#### What is required:
Look through the records below for the line holding "Enerpad CL-100 Type-C". Write it out exactly, with each following line through the line holding "会上,武汉市政院岩土专业高级".

#### Records for this exercise:
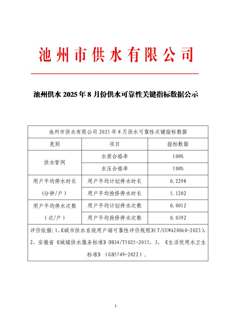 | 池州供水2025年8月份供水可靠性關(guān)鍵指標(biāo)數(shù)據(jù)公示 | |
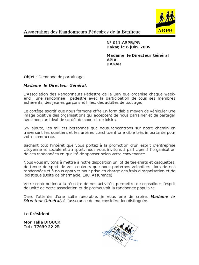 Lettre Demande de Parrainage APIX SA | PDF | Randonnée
---
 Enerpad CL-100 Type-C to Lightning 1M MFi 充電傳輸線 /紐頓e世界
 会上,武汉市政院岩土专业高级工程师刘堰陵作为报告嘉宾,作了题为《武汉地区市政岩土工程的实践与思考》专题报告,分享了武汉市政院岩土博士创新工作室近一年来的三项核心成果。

#### Reply to the exercise:
 Enerpad CL-100 Type-C to Lightning 1M MFi 充電傳輸線 /紐頓e世界
 会上,武汉市政院岩土专业高级工程师刘堰陵作为报告嘉宾,作了题为《武汉地区市政岩土工程的实践与思考》专题报告,分享了武汉市政院岩土博士创新工作室近一年来的三项核心成果。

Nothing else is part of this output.